We came across a blog written by an anonymous OCD sufferer that illustrates some of the mental contortions the disorder can impose on a person. In an entry dated May 2008, the writer was evidently trying to find the correct spelling of “Asperger’s syndrome,” another disorder marked by restricted, repetitive behaviors: “I try to get online to check whether I should include the S. . . . I have to now go downstairs to check this out in a book....This book has a peculiar smell so I will need to wash my hands after looking up the correct way of writing Asperger.”
He went on in this way for an entire page, waffling between various spellings of the word “Asperger.” “I am now ruminating if Asperger should be capitalized,” he continued. “And now of course I have brain fog which is causing me to feel doubt all over again about the S so just to be sure I will check again.” After checking two more times, and writing on and on about his doubts and recheckings, he finally leaves his computer in frustration.
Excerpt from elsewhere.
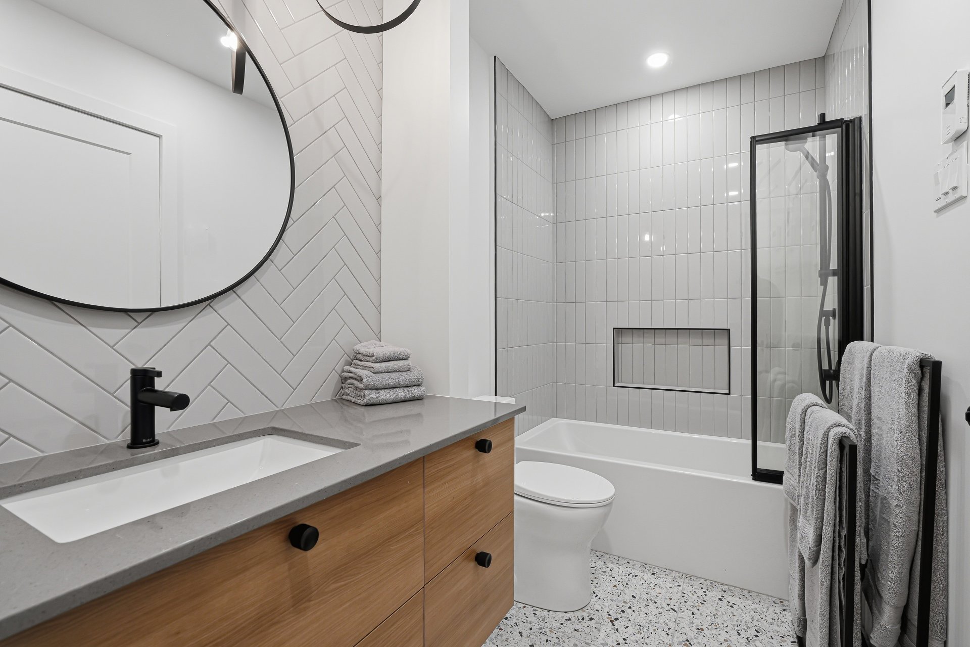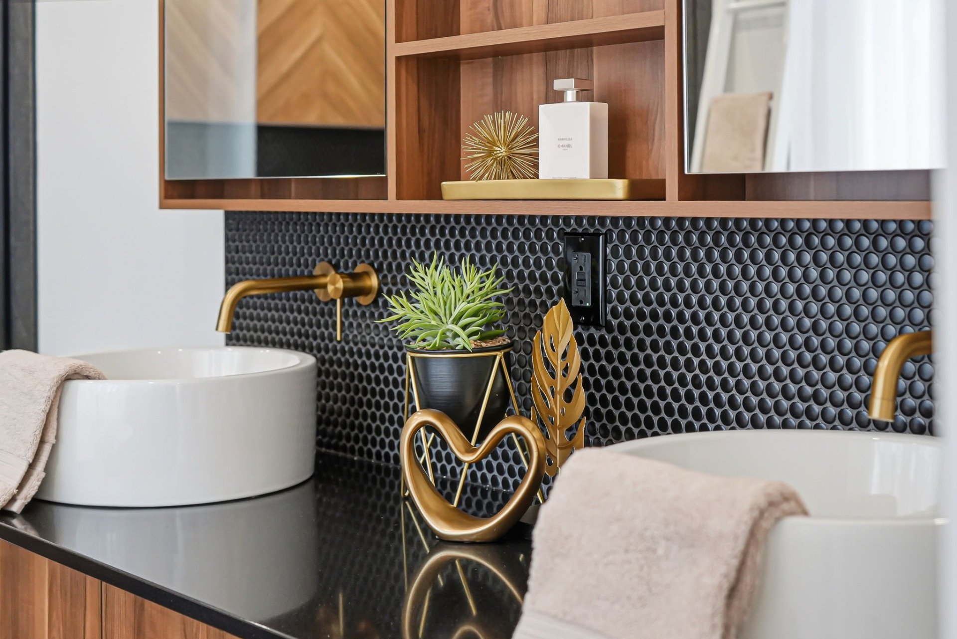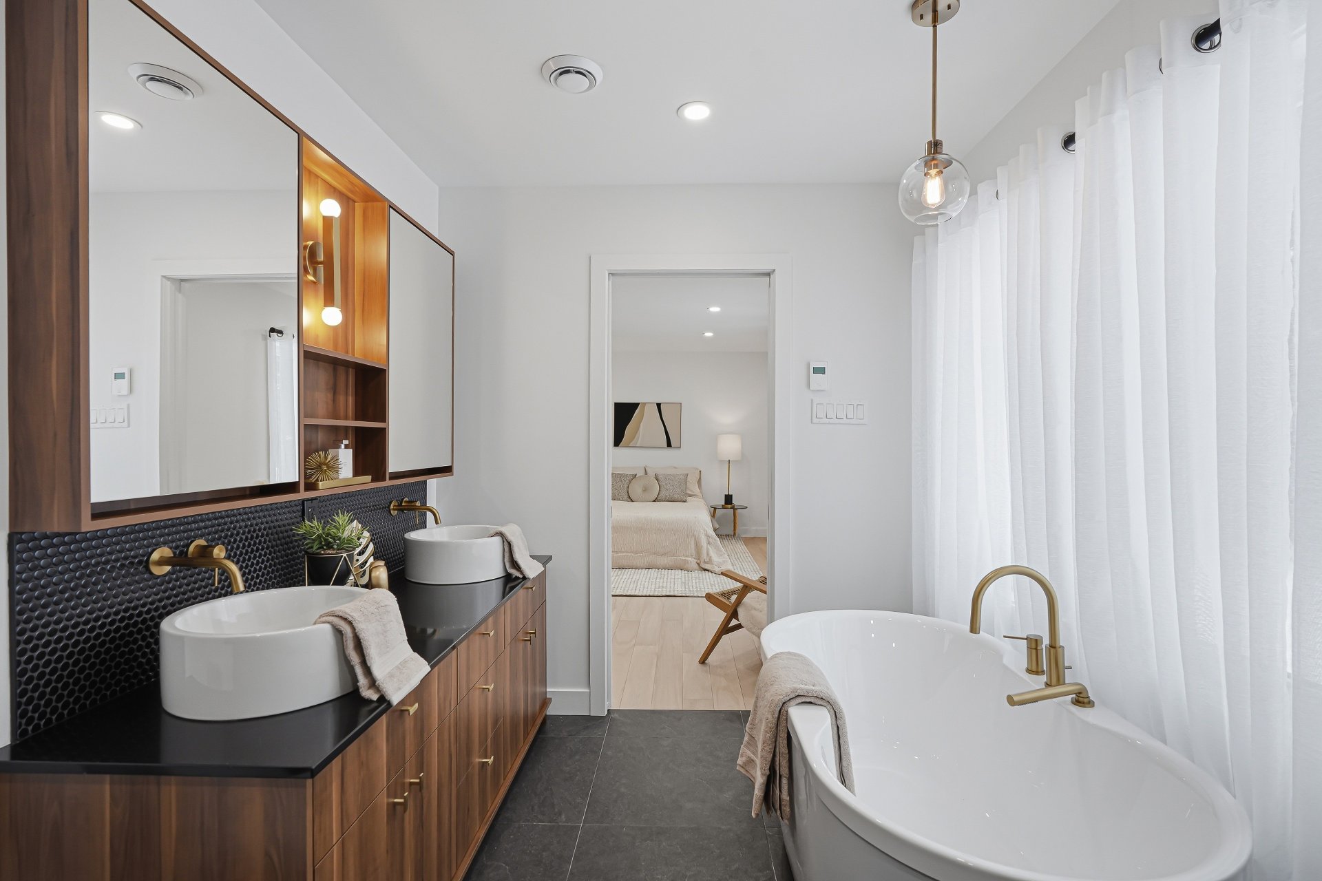 - La chambre principale spacieuse dispose d'un walk-in et d'une somptueuse salle de bain attenante avec double vasque sur comptoir en quartz, douche double à l'italienne et bain indépendant.
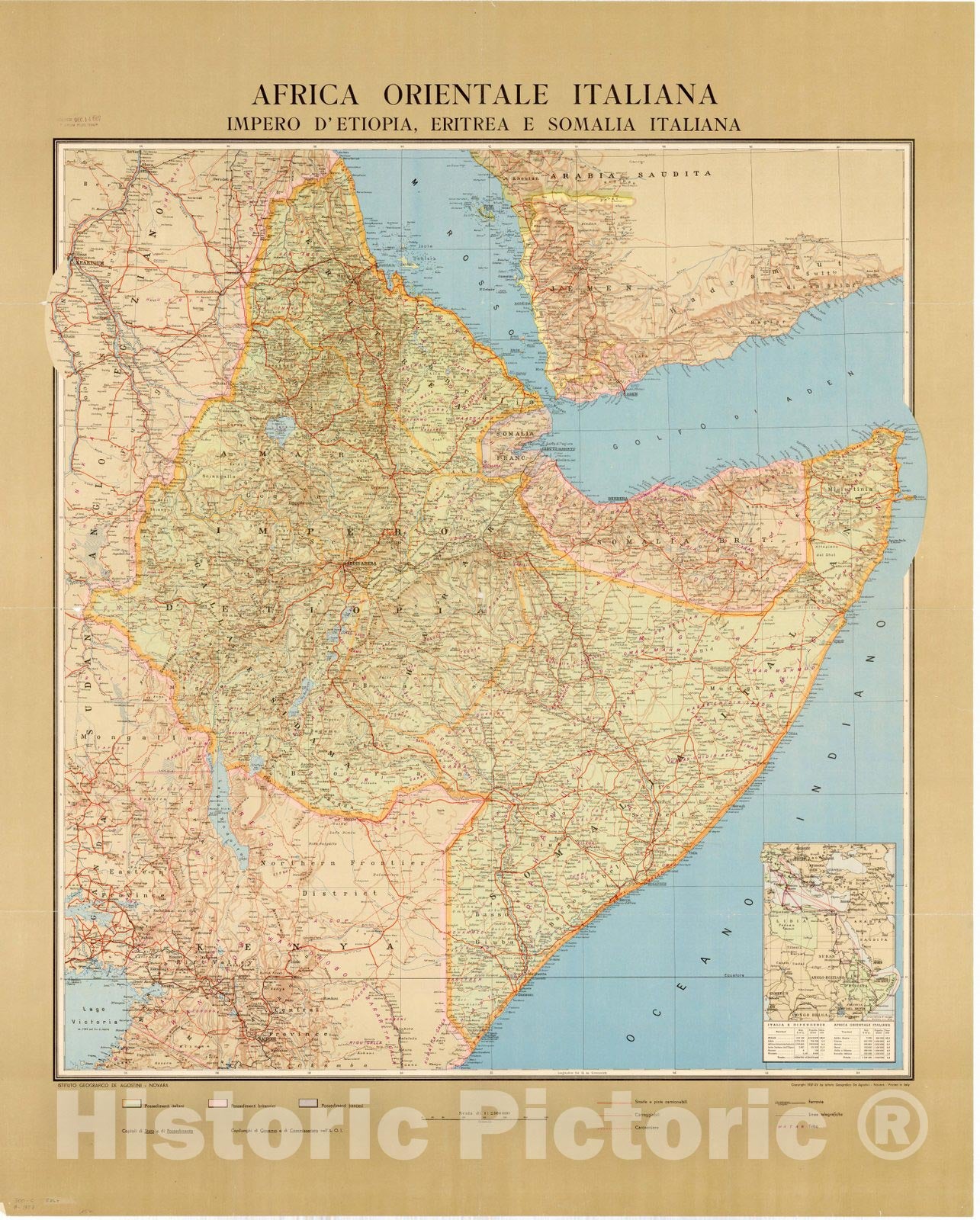 Map : Africa, eastern 1937, Africa orientale Italiana, impero d'Etiopia, Eritrea e Somalia Italiana , Antique Vintage Reproduction

Given these kinds of contortions over a simple spelling, it’s easy to see why OCD keeps people from moving forward.
CAN WE PREDICT WHEN OCD SYMPTOMS WILL APPEAR?
Some OCD patients cope with symptoms nearly everywhere they go, while others can predict their symptoms in just one or two situations. One person might be obsessed about avoiding silverware in restaurants, yet feel perfectly comfortable using forks and knives when eating at friends’ homes. Another might hoard computers and other electronic equipment but give not a moment’s thought to the idea of discarding newspapers, food containers, or other materials commonly associated with hoarding. A third OCD sufferer might “white-knuckle” her way through a day at school, avoiding embarrassing rituals around her friends, but experience an explosion of symptoms once she arrives at home.
OCD by the Numbers
Examples of such ruined lives are all around us. The medical community once thought that OCD affected only a handful of people, but with the vast improvement in definitions and diagnostic measures in recent decades, the incidence of OCD is now known to be quite extensive:
• Studies tell us that 6-9 million Americans, or 2-3 percent of the population, suffer from OCD.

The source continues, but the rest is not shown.